▶ [EXERCISE DIRECTIONS]: Carry none of the pictures over; write out the complete data exactly.

[Records from a data source]
"""

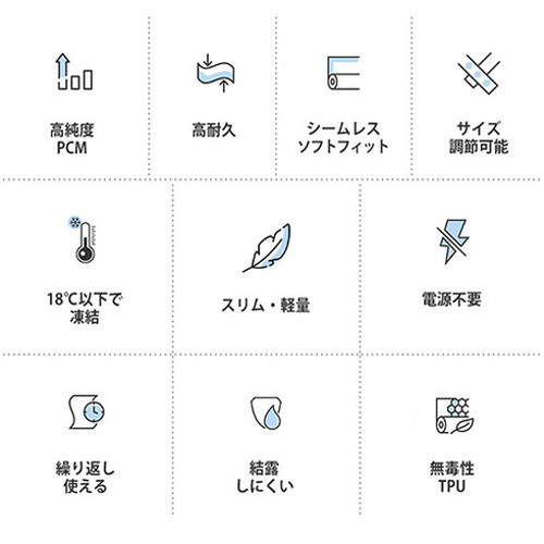 凍結状態で取り付けると温度を18℃前後に保ち、体温と-18℃差のひんやり感を楽しめます。
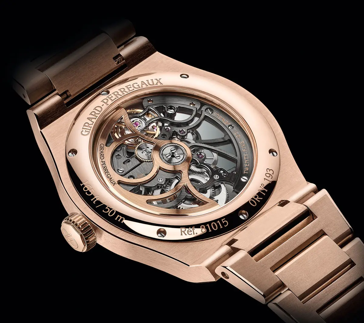 Vỏ vàng hồng 18K đường kính 42 mm cùng vành bezel bát giác đặc trưng và dây đeo liền khối tạo nên tổng thể hài hòa và sang trọng. Kính sapphire chống phản chiếu để lộ mặt số skeleton ấn tượng, cho phép chiêm ngưỡng cấu trúc bên trong. Với khả năng chống nước 100 m (10 ATM), đồng hồ vừa bền bỉ vừa tinh tế.
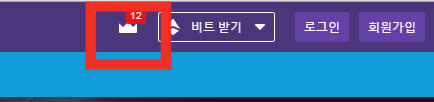 1. 트위치에 가장 먼저 접속하면 왕관 모양이 있습니다. 클릭 해주세요.
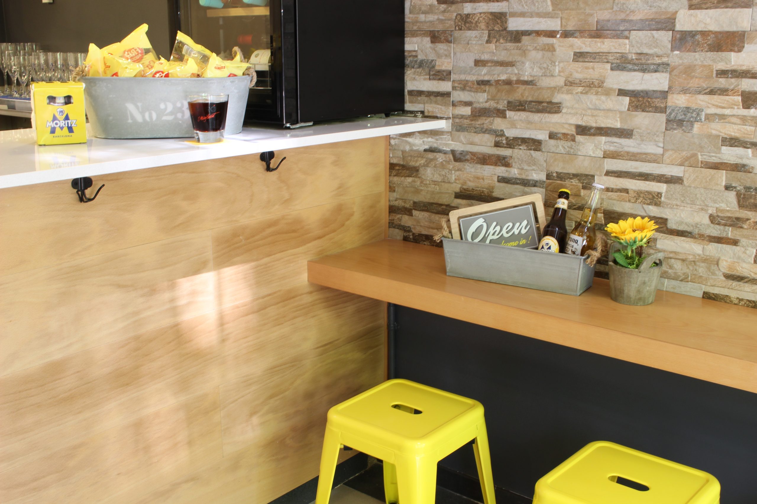 En la parte de la entrada, sustituimos el gran espejo por una pared de piedra, y creamos una barra baja con conexiones en la parte inferior, ideal para tomar un buen desayuno mientras revisas el correo en el laptop.
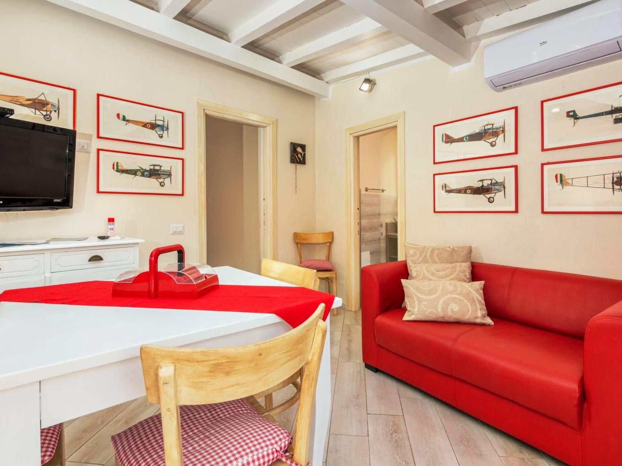The apartment is about 55 square meters, is made up of the following rooms: a living room with kitchen, flat screen TV and sofa for two people; a bedroom (next to the living room) with a double bed; a fully equipped kitchen with stove, oven, microwave, coffee machine and dining corner, finally an adjacent bathroom with shower and bidet.

"""

▶ [TASK RESULT]:
 凍結状態で取り付けると温度を18℃前後に保ち、体温と-18℃差のひんやり感を楽しめます。
 Vỏ vàng hồng 18K đường kính 42 mm cùng vành bezel bát giác đặc trưng và dây đeo liền khối tạo nên tổng thể hài hòa và sang trọng. Kính sapphire chống phản chiếu để lộ mặt số skeleton ấn tượng, cho phép chiêm ngưỡng cấu trúc bên trong. Với khả năng chống nước 100 m (10 ATM), đồng hồ vừa bền bỉ vừa tinh tế.
 1. 트위치에 가장 먼저 접속하면 왕관 모양이 있습니다. 클릭 해주세요.
 En la parte de la entrada, sustituimos el gran espejo por una pared de piedra, y creamos una barra baja con conexiones en la parte inferior, ideal para tomar un buen desayuno mientras revisas el correo en el laptop.
The apartment is about 55 square meters, is made up of the following rooms: a living room with kitchen, flat screen TV and sofa for two people; a bedroom (next to the living room) with a double bed; a fully equipped kitchen with stove, oven, microwave, coffee machine and dining corner, finally an adjacent bathroom with shower and bidet.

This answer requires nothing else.